It means that it is hard to put a finger on what other category you may fall into. It usually means more observation and a second opinion. It is a mood disorder but until you show signs of mania, or hypomania to the point where they can make a determination, they will diagnose you as Not other specified and I respect a dr that does that because a diagnoses of bipolar and the treatment for it is a very serious and fragile thing.
The thing that is important to understand is that
an icd code (a specific manual used to diagnose all medical conditions) is neccessary to note down after each appointment with a doctor or psychiatrist on the follow up records. The most crucial part to note is what the specifics of follow up and treatment are and it would be worthwhile to discuss that with your psychiatrist If they informed you you have this specific diagnosis it would be worthwhile to ask the reasons why.
It is noted as one of the subtypes of bipolar and there are some aspects of mania but not others. The understanding of it is more clinically complex. Only a psychiatrist would understand the clinical specifics. You could find the listed criteria but the most important thing is how it applies to each person. If you have just been diagnosed or if the specifics of your diagnosis have changed as well as your treatment it would be worthwhile to ask your psychiatrist the reason why.
I have commented in the bipolar forum without coming here 1st. i still hold my position without being ironic or sarcastic by any mean. BUT the psychiatrist who makes his miserable patient ask others especially other patients who are in the same situation about his symptoms is not worthy. His task not only to cure but to explain things so as to facilitate life for him and not to complicate it more. It's immaterial whether you have axis 1 2 or infinity it does'nt make a difference. the point is how he can handle your situation and when you go back to him you feel he has done you a favor.

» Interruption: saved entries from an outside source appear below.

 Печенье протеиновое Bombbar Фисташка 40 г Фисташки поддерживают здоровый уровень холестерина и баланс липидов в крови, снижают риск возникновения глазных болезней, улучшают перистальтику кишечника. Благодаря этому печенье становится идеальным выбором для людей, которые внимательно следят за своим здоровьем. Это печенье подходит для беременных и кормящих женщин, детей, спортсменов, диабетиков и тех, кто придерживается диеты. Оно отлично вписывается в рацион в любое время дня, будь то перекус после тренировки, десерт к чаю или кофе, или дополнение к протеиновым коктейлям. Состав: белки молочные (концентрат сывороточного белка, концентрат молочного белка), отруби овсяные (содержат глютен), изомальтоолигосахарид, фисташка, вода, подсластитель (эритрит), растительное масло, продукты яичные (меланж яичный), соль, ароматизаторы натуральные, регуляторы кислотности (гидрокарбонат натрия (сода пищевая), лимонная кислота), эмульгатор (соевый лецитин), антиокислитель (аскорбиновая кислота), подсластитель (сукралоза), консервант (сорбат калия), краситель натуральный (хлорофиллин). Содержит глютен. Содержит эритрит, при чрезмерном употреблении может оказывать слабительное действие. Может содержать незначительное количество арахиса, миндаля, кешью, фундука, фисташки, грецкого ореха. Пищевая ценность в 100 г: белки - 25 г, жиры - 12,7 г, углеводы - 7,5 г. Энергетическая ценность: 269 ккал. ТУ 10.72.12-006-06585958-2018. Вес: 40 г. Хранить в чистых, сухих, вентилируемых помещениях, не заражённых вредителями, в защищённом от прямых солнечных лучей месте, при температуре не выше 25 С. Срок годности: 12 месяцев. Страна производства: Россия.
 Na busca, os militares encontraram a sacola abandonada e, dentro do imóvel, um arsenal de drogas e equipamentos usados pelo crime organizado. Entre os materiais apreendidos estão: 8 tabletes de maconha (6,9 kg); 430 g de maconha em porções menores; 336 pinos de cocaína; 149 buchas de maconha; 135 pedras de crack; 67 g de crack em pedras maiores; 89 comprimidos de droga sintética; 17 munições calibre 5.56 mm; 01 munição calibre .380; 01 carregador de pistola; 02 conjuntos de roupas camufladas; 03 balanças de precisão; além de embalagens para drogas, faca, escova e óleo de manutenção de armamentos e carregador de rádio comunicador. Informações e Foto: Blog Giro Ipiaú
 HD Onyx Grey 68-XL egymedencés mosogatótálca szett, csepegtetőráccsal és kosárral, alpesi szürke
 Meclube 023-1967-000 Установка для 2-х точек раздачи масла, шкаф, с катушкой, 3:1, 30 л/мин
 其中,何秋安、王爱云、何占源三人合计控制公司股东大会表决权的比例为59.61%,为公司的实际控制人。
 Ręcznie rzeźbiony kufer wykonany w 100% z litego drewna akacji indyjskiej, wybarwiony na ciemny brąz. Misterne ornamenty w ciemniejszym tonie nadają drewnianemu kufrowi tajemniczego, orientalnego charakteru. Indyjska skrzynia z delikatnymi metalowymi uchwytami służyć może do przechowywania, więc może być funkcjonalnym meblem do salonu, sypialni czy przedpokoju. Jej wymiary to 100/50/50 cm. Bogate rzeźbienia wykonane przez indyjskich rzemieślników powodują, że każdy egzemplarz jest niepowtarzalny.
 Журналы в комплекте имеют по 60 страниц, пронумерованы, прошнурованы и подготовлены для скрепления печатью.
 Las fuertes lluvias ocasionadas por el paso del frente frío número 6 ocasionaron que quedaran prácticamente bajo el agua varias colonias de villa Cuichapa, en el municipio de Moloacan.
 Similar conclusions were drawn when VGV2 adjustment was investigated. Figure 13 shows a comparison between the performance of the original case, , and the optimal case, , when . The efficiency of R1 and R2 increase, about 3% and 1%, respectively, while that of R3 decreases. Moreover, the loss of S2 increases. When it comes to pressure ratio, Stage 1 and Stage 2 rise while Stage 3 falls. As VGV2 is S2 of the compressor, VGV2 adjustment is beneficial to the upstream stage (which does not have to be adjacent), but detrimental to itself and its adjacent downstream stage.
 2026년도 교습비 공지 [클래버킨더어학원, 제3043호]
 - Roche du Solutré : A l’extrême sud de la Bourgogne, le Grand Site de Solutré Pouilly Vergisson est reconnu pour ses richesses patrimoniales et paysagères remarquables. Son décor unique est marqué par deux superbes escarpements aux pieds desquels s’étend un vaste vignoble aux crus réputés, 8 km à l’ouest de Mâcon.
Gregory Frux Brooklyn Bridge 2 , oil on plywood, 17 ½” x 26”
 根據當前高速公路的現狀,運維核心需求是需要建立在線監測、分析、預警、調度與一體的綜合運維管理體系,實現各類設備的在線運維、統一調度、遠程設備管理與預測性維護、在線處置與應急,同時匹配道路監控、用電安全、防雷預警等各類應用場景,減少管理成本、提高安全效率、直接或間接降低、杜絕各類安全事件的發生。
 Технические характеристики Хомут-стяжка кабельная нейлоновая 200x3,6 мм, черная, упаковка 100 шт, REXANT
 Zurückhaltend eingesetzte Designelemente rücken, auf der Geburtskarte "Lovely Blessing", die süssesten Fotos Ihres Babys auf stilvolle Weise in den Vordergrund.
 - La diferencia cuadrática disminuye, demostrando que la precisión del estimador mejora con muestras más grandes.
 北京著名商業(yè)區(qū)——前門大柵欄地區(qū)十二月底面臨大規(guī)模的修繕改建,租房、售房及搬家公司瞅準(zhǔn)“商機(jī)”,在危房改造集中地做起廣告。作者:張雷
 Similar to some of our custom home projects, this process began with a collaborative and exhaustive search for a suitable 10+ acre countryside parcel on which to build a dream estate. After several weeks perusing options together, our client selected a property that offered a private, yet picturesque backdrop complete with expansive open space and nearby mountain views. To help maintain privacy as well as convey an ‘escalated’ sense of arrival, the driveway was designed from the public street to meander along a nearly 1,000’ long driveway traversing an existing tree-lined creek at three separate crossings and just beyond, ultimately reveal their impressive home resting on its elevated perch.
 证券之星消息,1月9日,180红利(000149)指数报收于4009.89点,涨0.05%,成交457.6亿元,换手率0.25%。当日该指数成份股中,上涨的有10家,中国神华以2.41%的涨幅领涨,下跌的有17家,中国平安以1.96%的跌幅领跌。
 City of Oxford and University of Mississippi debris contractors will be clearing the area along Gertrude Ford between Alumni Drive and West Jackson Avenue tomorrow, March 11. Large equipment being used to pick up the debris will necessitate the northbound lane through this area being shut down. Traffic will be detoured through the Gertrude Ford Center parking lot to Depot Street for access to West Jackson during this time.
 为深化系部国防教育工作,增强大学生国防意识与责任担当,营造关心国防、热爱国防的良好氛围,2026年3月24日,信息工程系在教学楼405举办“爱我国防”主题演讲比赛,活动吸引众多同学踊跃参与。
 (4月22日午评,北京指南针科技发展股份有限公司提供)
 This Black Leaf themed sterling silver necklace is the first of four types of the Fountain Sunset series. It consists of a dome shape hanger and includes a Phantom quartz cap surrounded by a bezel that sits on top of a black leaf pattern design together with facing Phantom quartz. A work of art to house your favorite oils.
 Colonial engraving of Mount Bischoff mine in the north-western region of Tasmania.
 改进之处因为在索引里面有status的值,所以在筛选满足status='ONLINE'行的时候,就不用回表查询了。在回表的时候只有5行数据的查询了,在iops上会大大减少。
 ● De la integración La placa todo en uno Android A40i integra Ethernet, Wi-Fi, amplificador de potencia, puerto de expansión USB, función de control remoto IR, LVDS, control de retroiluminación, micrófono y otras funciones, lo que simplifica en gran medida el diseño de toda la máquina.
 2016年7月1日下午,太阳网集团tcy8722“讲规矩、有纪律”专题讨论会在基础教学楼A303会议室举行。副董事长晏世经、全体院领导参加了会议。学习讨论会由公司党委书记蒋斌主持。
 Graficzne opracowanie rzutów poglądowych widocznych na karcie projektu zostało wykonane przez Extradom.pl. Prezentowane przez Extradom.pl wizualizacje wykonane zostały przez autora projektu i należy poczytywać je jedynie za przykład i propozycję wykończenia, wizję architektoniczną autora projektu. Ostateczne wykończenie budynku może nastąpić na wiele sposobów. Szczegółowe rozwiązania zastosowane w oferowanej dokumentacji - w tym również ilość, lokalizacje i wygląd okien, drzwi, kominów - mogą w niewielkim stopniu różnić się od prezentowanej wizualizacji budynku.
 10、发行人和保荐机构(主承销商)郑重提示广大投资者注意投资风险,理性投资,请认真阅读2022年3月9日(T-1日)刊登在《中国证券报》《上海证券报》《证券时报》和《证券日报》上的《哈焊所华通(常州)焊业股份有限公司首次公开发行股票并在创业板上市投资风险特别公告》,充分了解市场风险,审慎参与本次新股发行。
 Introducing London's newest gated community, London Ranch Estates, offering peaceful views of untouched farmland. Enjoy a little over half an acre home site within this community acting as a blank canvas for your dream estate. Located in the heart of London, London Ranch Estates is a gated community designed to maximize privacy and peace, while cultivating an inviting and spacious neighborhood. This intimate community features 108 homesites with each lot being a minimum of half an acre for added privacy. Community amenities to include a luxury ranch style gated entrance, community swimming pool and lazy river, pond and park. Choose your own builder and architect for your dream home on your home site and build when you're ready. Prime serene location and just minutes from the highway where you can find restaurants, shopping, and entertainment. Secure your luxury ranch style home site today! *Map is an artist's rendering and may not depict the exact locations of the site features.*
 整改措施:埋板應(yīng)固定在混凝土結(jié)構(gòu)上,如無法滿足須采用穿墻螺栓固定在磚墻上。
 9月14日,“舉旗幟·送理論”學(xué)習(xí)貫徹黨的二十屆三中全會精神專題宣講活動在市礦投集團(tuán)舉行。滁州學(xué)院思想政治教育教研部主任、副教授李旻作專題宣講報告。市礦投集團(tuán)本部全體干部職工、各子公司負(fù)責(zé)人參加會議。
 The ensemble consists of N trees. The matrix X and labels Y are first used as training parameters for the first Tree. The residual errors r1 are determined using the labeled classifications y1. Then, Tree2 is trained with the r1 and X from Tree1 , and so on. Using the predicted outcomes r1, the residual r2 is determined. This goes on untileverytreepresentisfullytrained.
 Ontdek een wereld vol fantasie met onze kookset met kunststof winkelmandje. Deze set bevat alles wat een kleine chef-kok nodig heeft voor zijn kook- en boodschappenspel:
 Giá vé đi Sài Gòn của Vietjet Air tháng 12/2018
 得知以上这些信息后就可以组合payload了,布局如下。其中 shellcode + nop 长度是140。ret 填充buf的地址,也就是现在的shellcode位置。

bipolarity like in other illnesses is plenty of comorbidities and it's very difficult and impossible to judge the case. each case is an atypical one and not true just BP 1 say or 2 etc...diabetes is associated with blood pressure with migraine with renal problems etc...lungs and heart too etc..my 1st doctor said i have OCD then I have BP2 then 1 and I doubt if i have any of them. This explains why the drugs of psych illnesses are almost the same either tranquilizers or antidepressants.
Bubulous told you until you show mania nobody knows. it's very easy to show mania just by taking antidepressants high dose and this is how they judge a person as being bipolar. But if you do this then you will lose a lot like i did . mania is the bus station with no return it's hell to the brain. So never fidle with AD's they are very harmful, only the tiny dose that makes you functioning. This is the worst drug invented . people resort to it as the easiest thing. It's exactly slaughtering the chicken to get eggs.
The diagnostic and statistical manual divides disorders into axis - Axis 1 is mental disorders; axis 2 is personality disorders, axis 3 is medical disorders that could be related to the axis one diagnosis, axis 4 is psychosocial stressors such as divorce and finally, axis 5 is level of functioning. Bipolar falls under axis 1. "Rule out" means to consider the possibility that the disorder exists but currently it is not certain. NOS is not otherwise specified, which means bipolar 1 and 2 and cyclothymia have been ruled out already, meaning the pdoc doesn't believe you have these diagnoses.